Siamo davanti a uno scontro in atto tra autocrazie e democrazie. Lo vediamo in Ucraina e lo vediamo anche in Myanmar. Qualcuno ricorderà le dichiarazioni congiunte di Pechino e Mosca alle ultime Olimpiadi cinesi. È in atto una strategia congiunta di spartizione del mondo. Lasciare che in Myanmar venga consolidata la giunta militare è un fatto molto grave. L’Ue dice frasi scontate, come la necessità di schierarsi per la democrazia, ma è stato detto anche dopo la recente esecuzione a morte di quattro prigionieri politici. È ora di cambiare passo.

Il governo italiano si adegua a questo atteggiamento?

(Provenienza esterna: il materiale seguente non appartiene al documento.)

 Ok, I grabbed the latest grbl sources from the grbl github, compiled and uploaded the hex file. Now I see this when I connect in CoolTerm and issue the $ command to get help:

Purtroppo sì. Ne ho parlato con la direttrice del ministero degli Esteri, entrambe siamo d’accordo che si cominci a fare qualcosa. Recentemente sia il ministro degli Esteri cinese che quello russo sono passati dal Myanmar,  Lavrov ha sottoscritto accordi economici e militari, il capo delle forze armate birmane è andato a Mosca per ottenere aiuti militari. C’è un aumento delle relazioni che non sono più soltanto di amicizia. La  Cina ha ovviamente forti interessi geopolitici ed economici. Si è registrato un forte malessere dell’Asean che a novembre se non dovesse cambiare nulla sembra voglia applicare l’articolo 20 dell’organizzazione che dovrebbe consentire la sospensione del Myanmar. È tutto da vedere se sarà così, o se ci sarà una reazione più forte degli Usa e dell’Ue.

Quali iniziative potrebbero cambiare la situazione?

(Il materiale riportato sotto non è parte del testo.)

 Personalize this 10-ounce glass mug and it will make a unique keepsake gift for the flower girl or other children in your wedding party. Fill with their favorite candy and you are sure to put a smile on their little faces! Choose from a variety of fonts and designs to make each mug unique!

La cosa più importante oggi in vista della prossima assemblea delle Nazioni Unite è il riconoscimento del Governo di unità nazionale che si oppone alla giunta militare. Sarebbe comunque solo un primo passo, a cui dovrebbe seguire il finanziamento economico dell’opposizione democratica; finanziamento che oggi nessun Paese applica.

Com’è attualmente la situazione sociale ed economica?

È gravissima, c’è una svalutazione della moneta molto forte e un fortissimo aumento del prezzo dei carburanti e dei generi alimentari. In questo quadro anche i cambiamenti climatici contribuiscono. I contadini con cui siamo in contatto ci dicono come non piova quasi più e senza acqua non possono far crescere le sementi. C’è il rischio di una carestia. Nelle zone industriali le donne guadagnano 40 euro al mese lavorando più di dieci ore al giorno. Abbiamo denunciato la presenza di aziende italiane come Oviesse e altre dell’Unione Europea che lavorano con imprese cinesi presenti in Birmania in condizione di sfruttamento.